DeepSeek’s models also empower individual developers and researchers to explore new AI applications and innovations. With access to affordable foundation models, developers can experiment with different ideas, develop new AI-powered tools, and contribute to the advancement of AI technology. This fosters a culture of innovation and accelerates the development of novel solutions across various domains.

This can lead to a surge in innovation, as more people have the opportunity to participate in the development of AI. Individual developers can create niche applications tailored to specific needs, contributing to a more diverse and vibrant AI ecosystem. The accessibility of foundation models allows them to experiment with different architectures, training techniques, and deployment strategies, pushing the boundaries of AI capabilities.

The Potential for Open-Source Collaboration

DeepSeek’s open-source approach further promotes collaboration and innovation in the AI community. By making its models available to the public, DeepSeek encourages developers to contribute to their improvement, identify and fix bugs, and develop new features. This collaborative approach accelerates the pace of innovation and ensures the models are robust and reliable.

This collaborative approach can accelerate the development of AI technology and ensure that it is used for the benefit of all. Open-source development fosters transparency and allows for community-driven improvements, resulting in more secure and trustworthy AI systems. The collective intelligence of the open-source community can identify and address potential biases and ethical concerns, ensuring the responsible development and deployment of AI technology.

The Acceleration of AI Adoption

By lowering the cost of AI, DeepSeek is accelerating the adoption of AI across various industries. As AI becomes more affordable and accessible, more businesses will be able to integrate it into their operations, leading to increased productivity, efficiency, and innovation. This widespread adoption of AI has the potential to transform industries and drive economic growth.

This can have a profound impact on the global economy, driving growth and creating new opportunities. AI-powered automation can streamline processes, reduce costs, and improve efficiency across various sectors, from manufacturing to healthcare to finance. The ability to analyze large datasets and extract valuable insights can lead to better decision-making and improved outcomes. The adoption of AI can also create new jobs and opportunities in areas like AI development, deployment, and maintenance.

A More Inclusive AI Ecosystem

DeepSeek’s efforts to democratize AI are contributing to a more inclusive AI ecosystem, where more people have the opportunity to participate in the development and use of AI. This can help to ensure that AI is used in a way that benefits all members of society, rather than just a select few. By promoting diversity and inclusivity, we can ensure that AI reflects the values and perspectives of a wider range of stakeholders.

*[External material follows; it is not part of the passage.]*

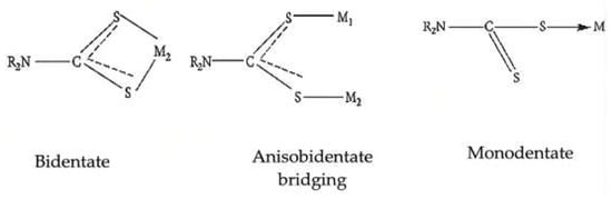 The local geometry around the Sn (IV) atom is affected by the chelation mode and coordination number of the dithiocarbamates [65,72]. Additionally, the binding properties of the metal ions determine the structure of the resulting metal complexes [54,73]. Dithiocarbamate can coordinate with the tin atom, relying on the coordination number of the Sn (IV) atom, which ranges from four to seven [65,72]. These compounds are bidentate (two S atoms bonded to the central metal atom or ion), anisobidentate bridging (one S atom bonded to the metal ion and the other S atom bridged to an adjacent molecule, forming dissimilar Sn-S bond distances), or monodentate (one S atom attached to the core of metal atom or ion) (Figure 3) [20,65,66,70,72,74,75,76]. However, as reported by Awang et al., these anions usually behave in a bidentate manner [70].

By empowering smaller businesses, individual developers, and researchers, DeepSeek is fostering a more diverse and innovative AI landscape. This inclusivity can lead to the development of AI solutions that address the needs of underserved communities and promote social good. By ensuring that AI is developed and deployed in a responsible and ethical manner, we can create a more equitable and just society for all. The long-term success of AI depends on its ability to benefit all members of society, and DeepSeek’s efforts to democratize AI are a significant step in that direction.